Bastien wondered why this longing for Steve has become the main core of Diana’s identity almost 70 years later.

“Why? Don’t you miss your Amazon sisters more, whom you’ll never see again?” she asked. “It’s been about 70 years and it hasn’t happened to Steve yet? Is there something deeply sad and predictable about a female superhero so attached to a single man who is willing to lose his powers for him.”

Bastien called the romance “claustrophobic” with an ending “ripped from a Hallmark film.”

Read the full Vulture review.

Stephanie Zacharek, Temps

For Zacharek, Gadot shines when she is Diana Prince, a woman with human weaknesses and complexities.
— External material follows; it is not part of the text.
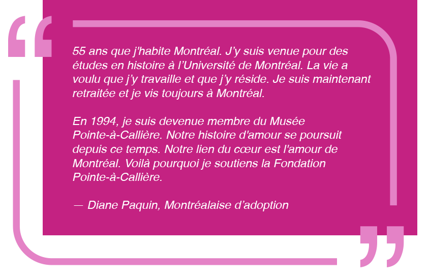 Depuis 1993, la Fondation Pointe-à-Callière mobilise celles et ceux qui croient en la force fédératrice du patrimoine montréalais et qui souhaitent contribuer à son rayonnement.

“But being a woman is never enough for anyone,” she wrote. “In addition to saving the world, Wonder Woman often has the task of saving little girls from danger; she wraps them in safety with a wink, and they look at them appreciatively, so grateful that in the end they have a superhero of themselves. “

“Why should he always remind us of the purpose of Wonder Woman? Why can’t he be?” Zacharek asked.

He noted that when “Wonder Woman” arrived in 2017, it was promised that Hollywood would see a new breed of superhero movies, directed and starring women, that could be less formulaic than men-centered ones.

“As fun designed to get the mind out of the world of trouble for a few hours,‘ Wonder Woman 1984 ’is perfectly appropriate,” she wrote. “But it’s also good to want less noise and more wonders, especially in a world full of the former and in dire need of the latter.”

Read the full review of Time.

Gal Gadot stars as Wonder Woman in “Wonder Woman 1984” by Warner Bros.

Warner Bros.

Esther Zuckerman, thriller

“Wonder Woman 1984” is “a fun but messy follow-up to the 2017 Amazon superhero reintroduction,” Esther Zuckerman wrote in her review of the film for Thrillist. “There’s a lot to love about ‘WW84’: bold performances from a charming cast, fantastic costumes, [Patty] Jenkins’s hectic direction. But it’s in the service of a plot that loses sight of what makes the character so fantastic in the first place. “

Zuckerman noted that the filmmakers were in a difficult position to repeat the success of the first film. After all, much of it focused on Diana’s naivete and her wonder at discovering a whole new world.

Decades later, Diana is tired and isolated, her spirit fading, Zuckerman wrote.

“What makes up for this in the first act is Barbara Minerva,” he said. “Wiig is hilarious, but at the same time grounded, as much as the ignored nerd as he starts, and like the butterfly who can suddenly walk on heels and take off a miniskirt.”

Read the full Thrillist review.

Disclosure: Comcast, CNBC’s parent company, owns Rotten Tomatoes.